介護が必要な妻のトイレに夫が付き添ったり、女性物の下着を買ったり、そんな場面で頼りになるのがこのマーク。

これは元は静岡県が6年前に全国で初めて作成、その後国の後押しもあって各地に広まってきています。

認知症があっても傍からは分かりづらく、介護が必要とは分からない事も・・・

ある方は、外出先では認知症の妻のトイレ介助の為仕方なく男子トイレに一緒に入り、他の利用者からジロジロと見られ、妻の下着を買う時には「変態と思われないか」と気になったそうですが、マークを使い始めてからは、不審な目で見られる事もなくなり「安心感がある」という。

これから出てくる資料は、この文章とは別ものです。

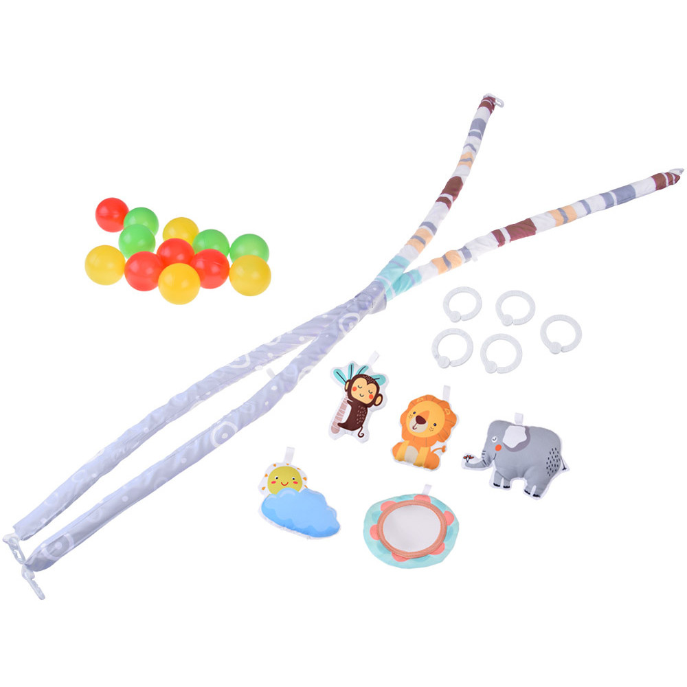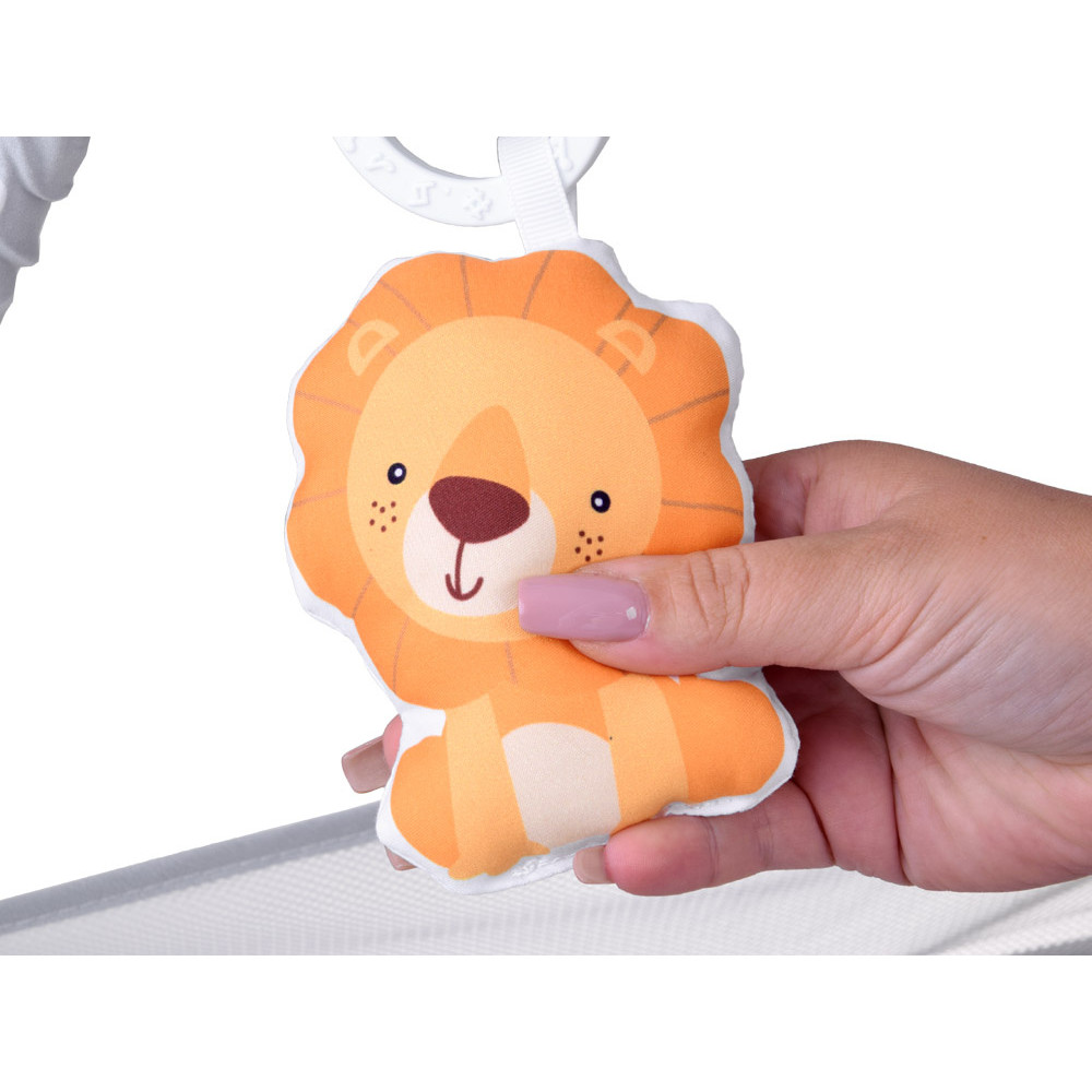 Két rugalmas ív könnyen levehető, ami megkönnyíti a szőnyeg mosását, tárolását vagy utazásra való előkészítését. Az íveken különböző függő játékok találhatók (tükör, nap felhővel, állatok: oroszlán, elefánt, majom), amelyek felkeltik a baba figyelmét, fejlesztik az érzékszerveit és ösztönzik a mozgást és aktivitást. A szőnyeg további előnye a hálós oldalfal, amely megakadályozza, hogy a labdák és játékok kicsússzanak a játszóterületről.
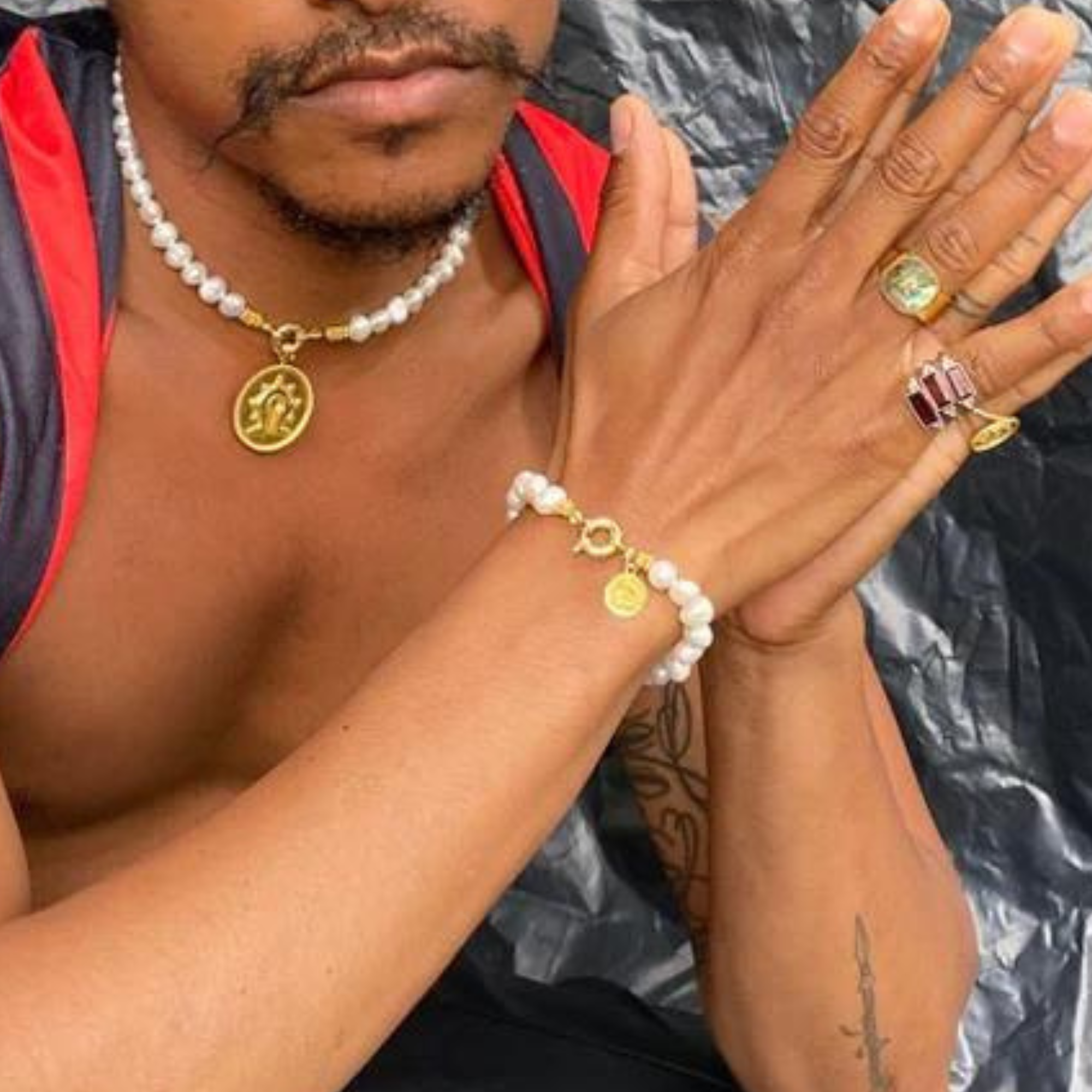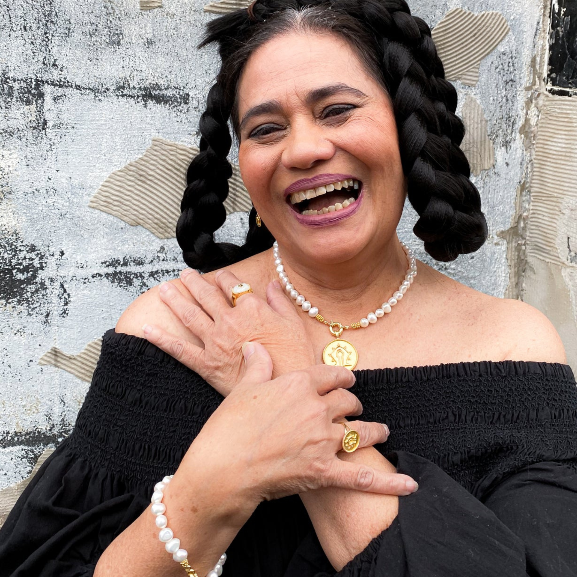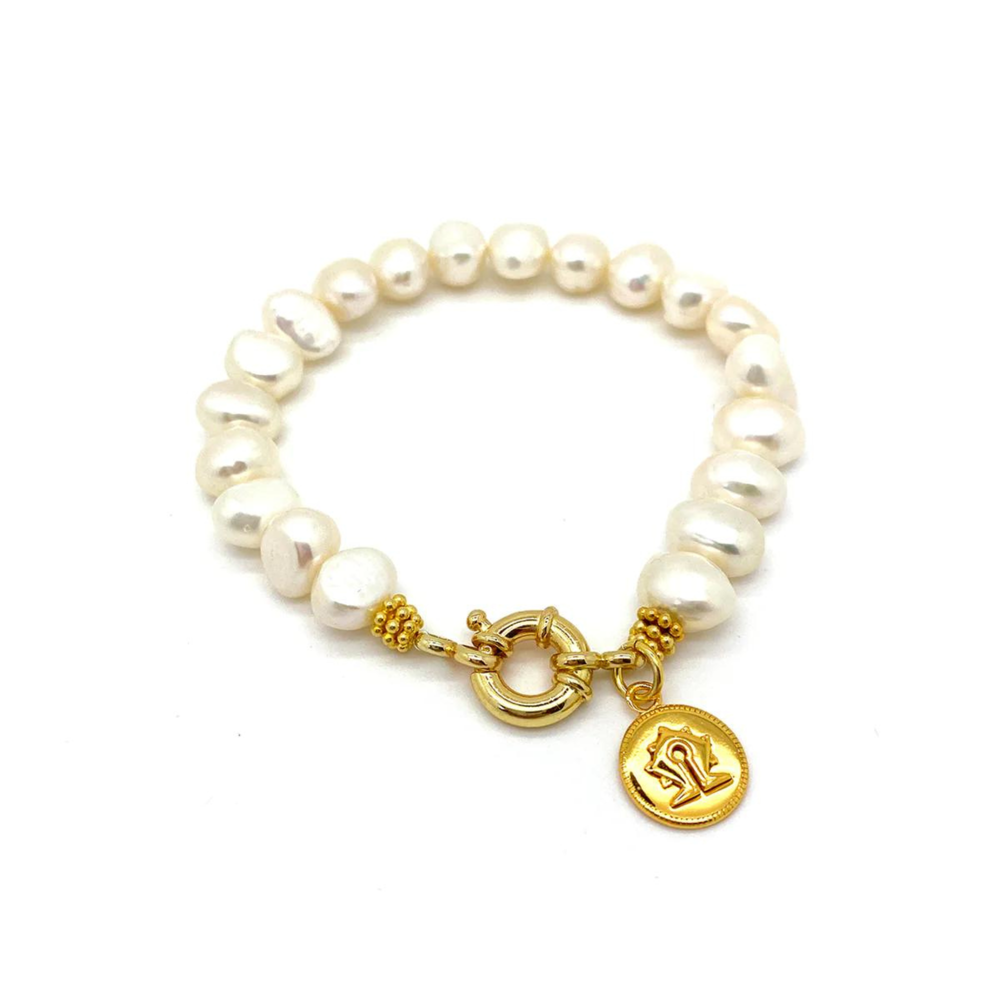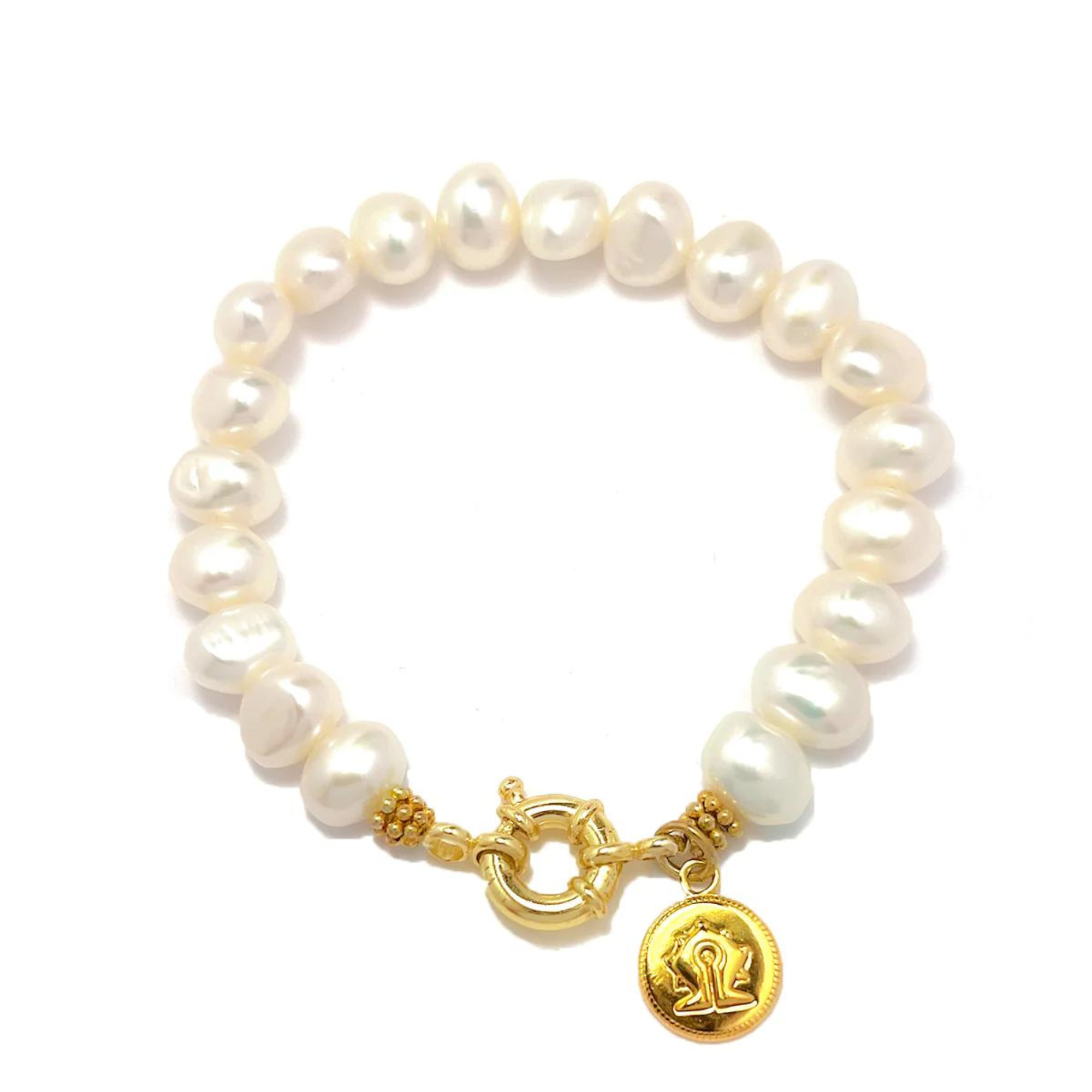 A statement bracelet made of freshwater Pearls and a 18ct gold plated sterling silver Mamuli Coin Pendant. The Mamuli is a symbol originating from the Indonesian island, Sumba.- Limited edition-

またある方は認知症の妻が個室のドアを開けられずに叫び声を上げた為女子トイレに入り、妻を助けて外へ出ると、叫び声を聞きつけて駆けつけた三人の男性に取り囲まれたそう。

その際、運転免許証を見せて事情を話し、何とか誤解を解いたそうで、「マークがあれば説明しなくてもいい。本当に気が楽になった」と話しされているそう。

そもそも静岡県がマークを作成したのは、こうした介護者の悩みが寄せられたのがきっかけで、2011年に県内の市町と協力して配布を始め、厚生労働省も先進的な事例として他の都道府県へ周知したのだそう。

そこから導入する自治体が増えており、静岡県によると、七月一日時点で静岡、愛知、岐阜、長野、茨城、栃木、新潟、島根、佐賀の九県全域のほか、さいたま市や千葉市、相模原市など五百十一市区町村が配布している。

しかし、マークそのものの知名度がまだまだ低い事が課題です。

県を挙げて普及に取り組んできた静岡県でも、昨年十二月に実施したアンケートでは「見たことがなく、意味も知らない」との回答が47・1%だったそう。

県長寿政策課は「マークの効果をより高めるため、周知の手を緩めないようにしたい」と話す。